Segment Start: Given data
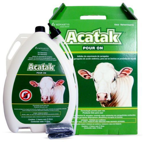 Controle estratégico: Nos locais onde a epidemiologia dos carrapatos é bem conhecida, ACATAK Pour-On torna-se o produto ideal para o controle estratégico deste parasita. Nestes casos, a aplicação de ACATAK Pour-On algumas semanas antes do inicio de infestações sazonais, impede o surgimento dos picos de infestação subseqüentes, responsáveis pelos altos índices de parasitismo no início da temporada. O tratamento estratégico, quando corretamente utilizado, permite que, com apenas um ou dois tratamentos se mantenha os animais livres de carrapatos. O tratamento estratégico requer que todos os animais da pastagem sejam tratados e que permaneçam sempre na mesma pastagem.
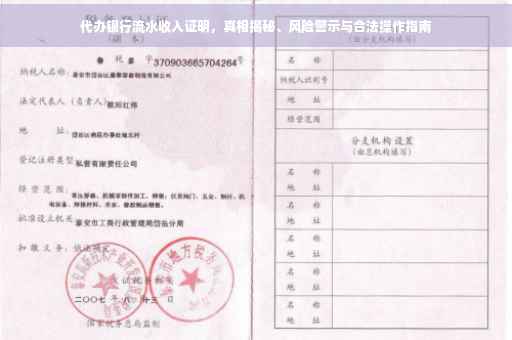 随着社会的快速发展,银行业务日益繁忙,一些人可能因为各种原因需要代办银行流水收入证明,在这个过程中,隐藏着许多不为人知的真相和风险,本文将详细解析代办银行流水收入证明的背后真相、潜在风险,并为大家提供合法操作的指南,以帮助大家顺利办理相关业务。
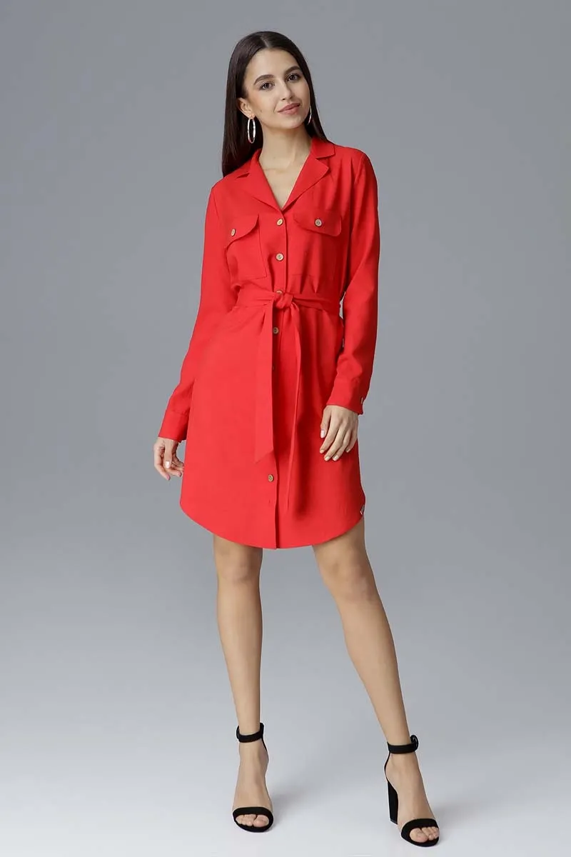Czerwona Koszulowa Sukienka z Wiązanym Paskiem
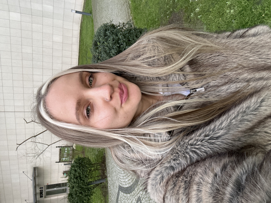 A female individual is captured in a close-up, chest-up shot, facing the camera with a subtle smile. She possesses long, multi-toned blonde hair featuring prominent lighter, possibly platinum, streaks framing her face. Her eyes are green, and she has a small silver ring piercing in her right nostril. She is wearing a thick, multi-toned brown and grey faux fur coat, with a white zippered garment visible underneath. The background consists of a modern building with a light-colored, likely beige, horizontally paneled facade. An entrance on the left side of the building is labeled "KORU 2" in black text, indicating a specific structure within a complex. The area immediately behind the subject includes well-maintained green grass, trimmed dark green hedges, and a paved walkway featuring a circular pattern of dark and light grey interlocking stones. Sparse, bare tree branches are visible against the building, and a dark, cylindrical bollard-style light fixture is present on the right side of the frame. The scene is situated within a residential or commercial complex in Başakşehir, Istanbul, Turkey.
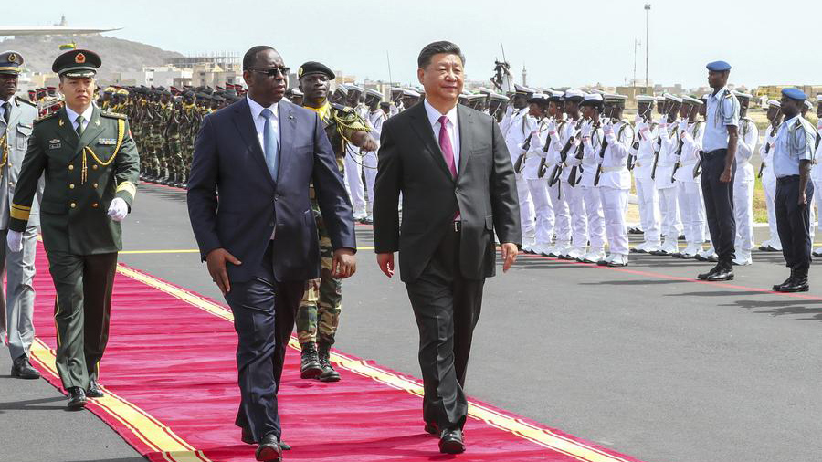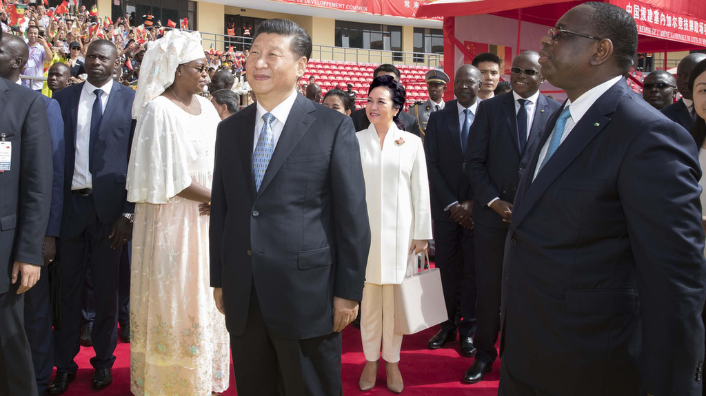 國家主席習近平22日在達喀爾同塞內加爾總統薩勒共同出席塞內加爾競技摔跤場項目移交儀式。
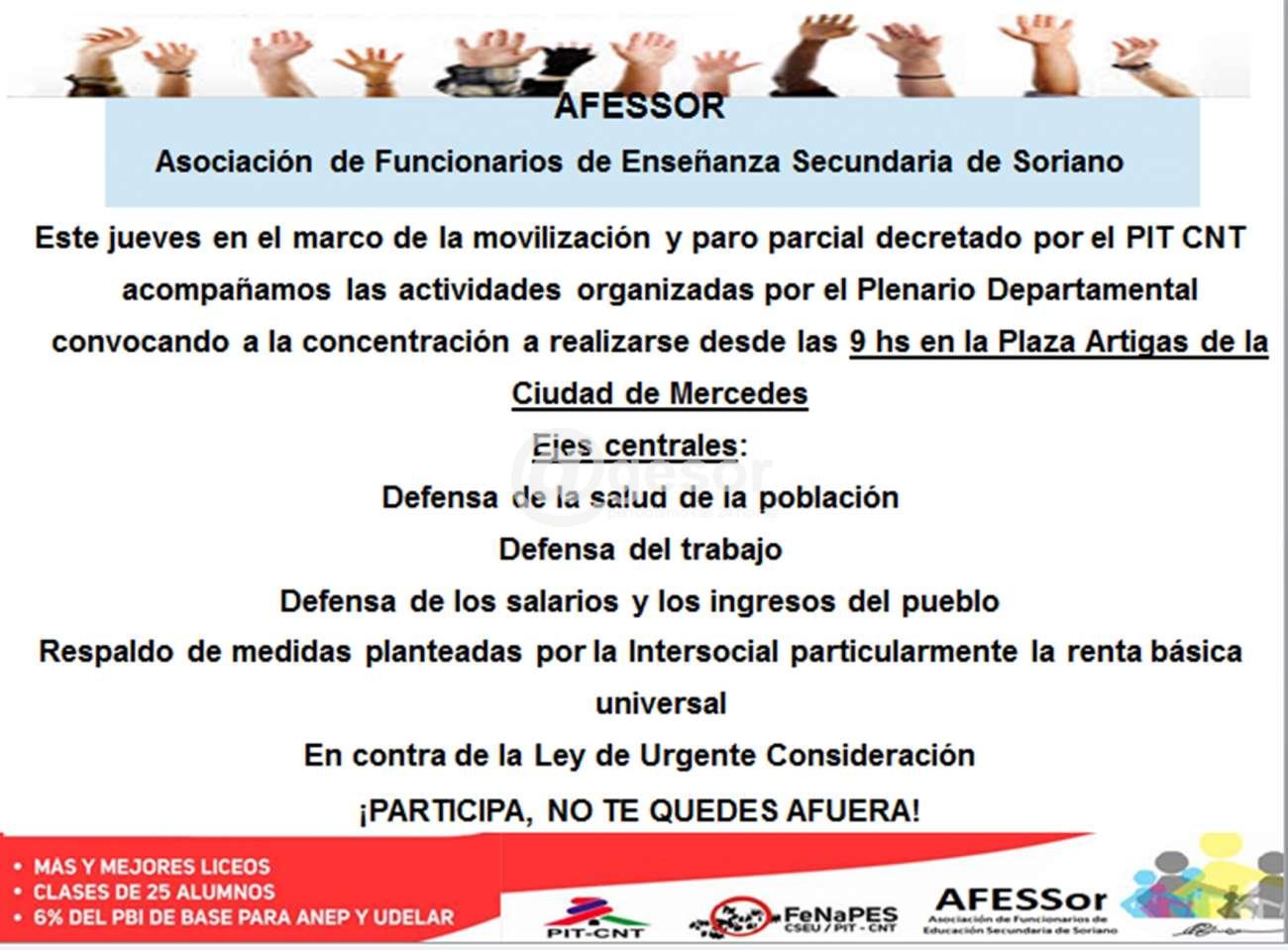 Este jueves en el marco de la movilización y paro parcial decretado por el PIT CNT acompañamos las actividades organizadas por el Plenario Departamental convocando a la concentración a realizarse desde las 9 hs en la Plaza Artigas de la Ciudad de Mercedes
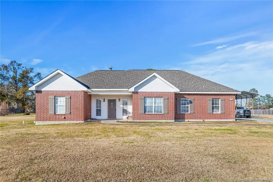 Charming well constructed 3-bed, 2-bath brick home on nearly 1 acre of land in the heart of Moss Bluff! This home is move-in ready featuring a split floor plan with the master on the separate side of home. The master suite displays tray ceilings and the master bath features freshly painted cabinets, jacuzzi bath tub and separate shower, dual sinks, and an added vanity area for getting ready. Cozy up by the brick wood burning fireplace in the living room and enjoy the beautiful vaulted ceiling. The kitchen cabinetry is freshly painted with a modern sink faucet with a breakfast area and also a formal dining room. Enjoy outdoor living with a fenced large backyard perfect for entertaining. The garage features a 2-car garage and the added convenience of a large RV or boat storage with electrical hookups. Home located in Flood Zone X which typically doesn't require flood insurance. All measurements are M/L. Don't miss your chance, schedule your showing today to see this beautiful home in Moss Bluff with a large fenced yard!
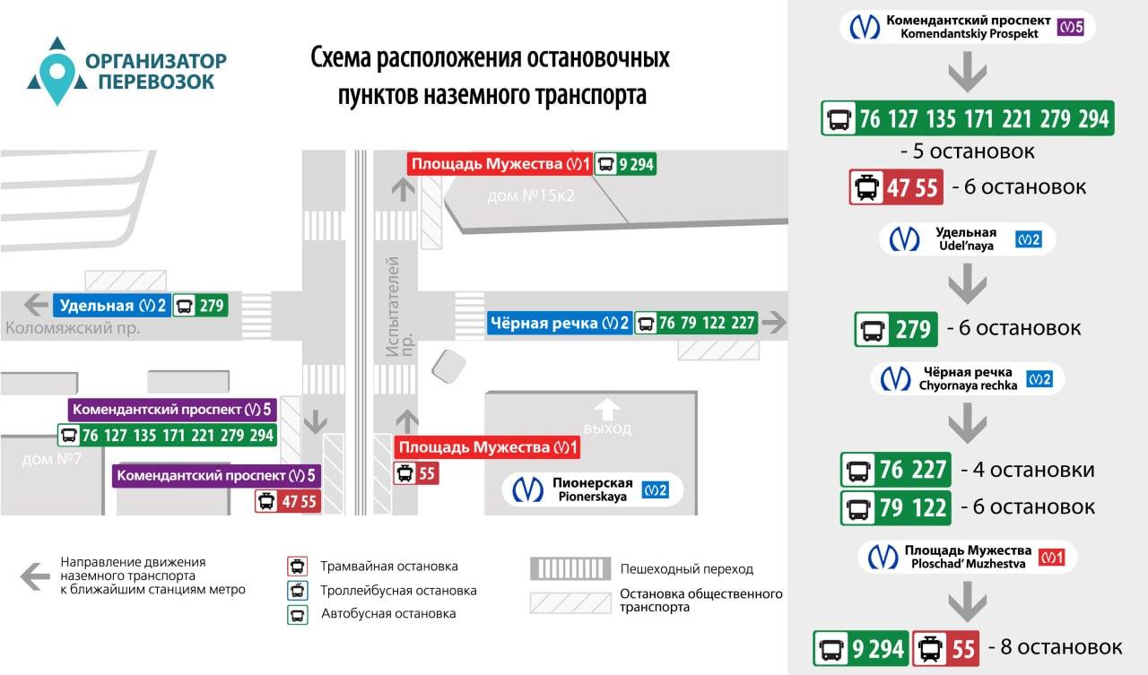СПб ГКУ «Организатор перевозок» рекомендует добираться наземным транспортом.
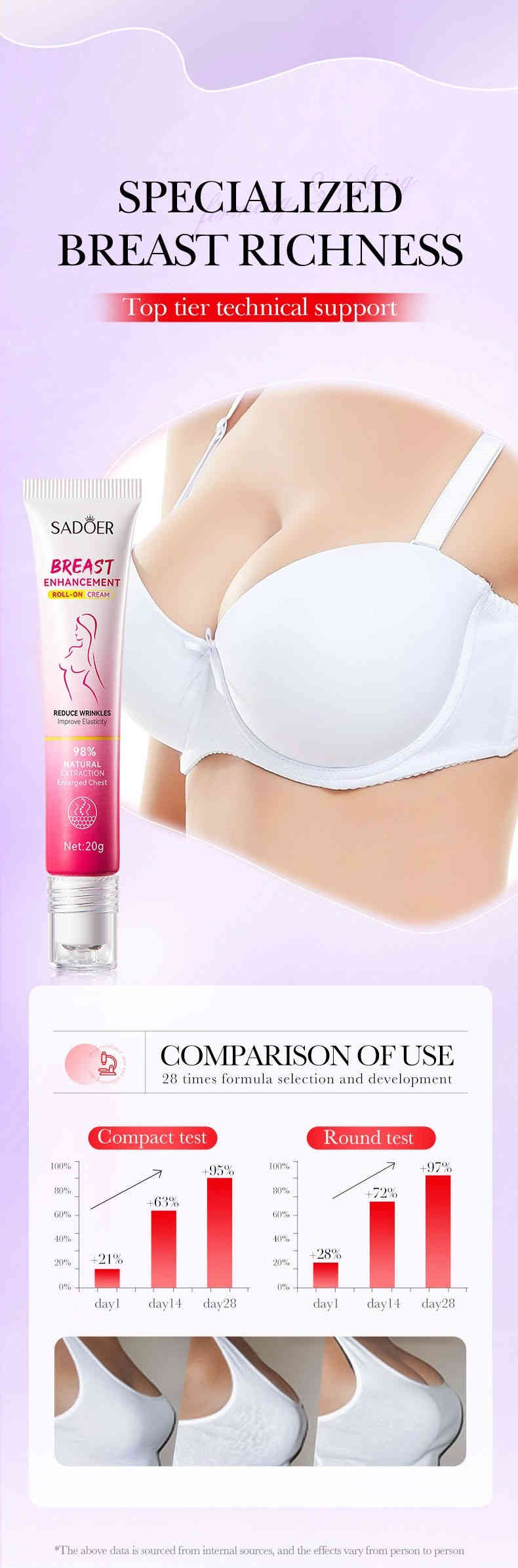 📈 實測有感,多效護理:有助改善胸部鬆弛、外擴、下垂、皺紋等問題,輔助調整胸型、提升雙側對稱度,令胸部視覺更豐潤集中。
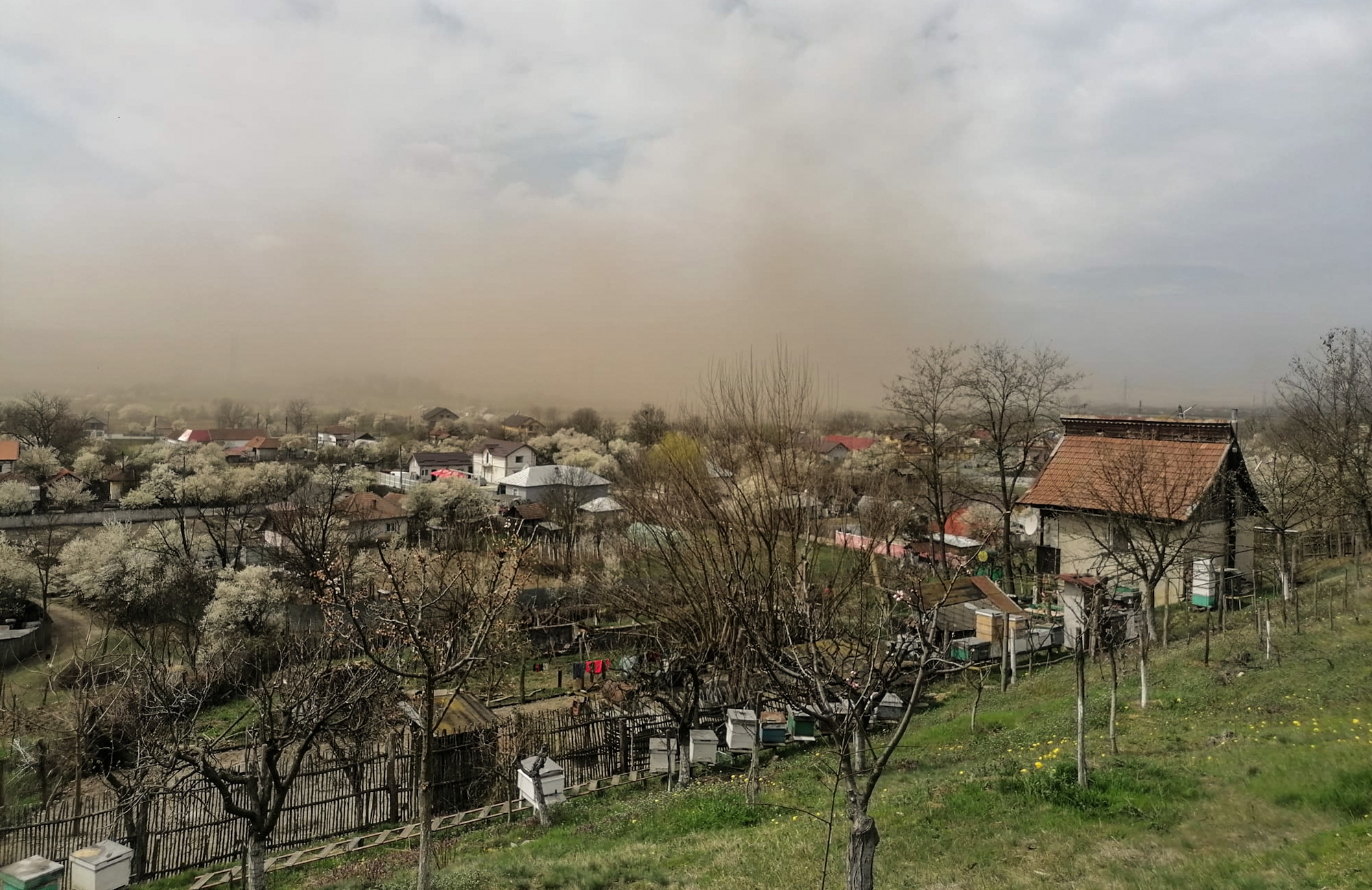 View of a dust storm near Brăcaci Gâjiu’s home, with an Oltenia lignite plant in the background.
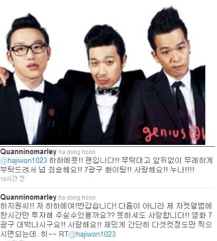 하하는 9일 하지원의 트위터에 “하지원씨. 저 하하에여!반갑습니다! 다름이 아니라 제 앨범 재킷에 1시간만 투자해 주실 수 있을까요??못하셔도 사랑합니다!! 영화 ‘7광구’ 대박나시구요. 사랑해요. 재밌게 간단히 다섯 컷 정도만 찍으시면 되는데..히~~”라고 남겼다.
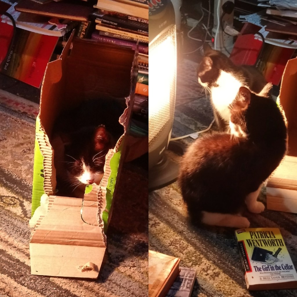 They are both by the oil heater. Remarkable as they usually chase each other. The third is beside me curled up on the chair. Now ones moved, I have a little igloo bed she gets in to keep away the chill. I think I need one of those sausages that you use at the base of the door to stop drafts. My door is right onto the pavement with no porch, so any drafts sneak in. My ankles are permanently cold at this time of year. Anyway at least the cats are warm. X
Segment End: Given data
Your assignment:
Transcribe only this stretch of the data: the line with "國家主席習近平22日在達喀爾", the line with "Este jueves en", and every line in between. Leave out the pictures.

Output below:
 國家主席習近平22日在達喀爾同塞內加爾總統薩勒共同出席塞內加爾競技摔跤場項目移交儀式。
 Este jueves en el marco de la movilización y paro parcial decretado por el PIT CNT acompañamos las actividades organizadas por el Plenario Departamental convocando a la concentración a realizarse desde las 9 hs en la Plaza Artigas de la Ciudad de Mercedes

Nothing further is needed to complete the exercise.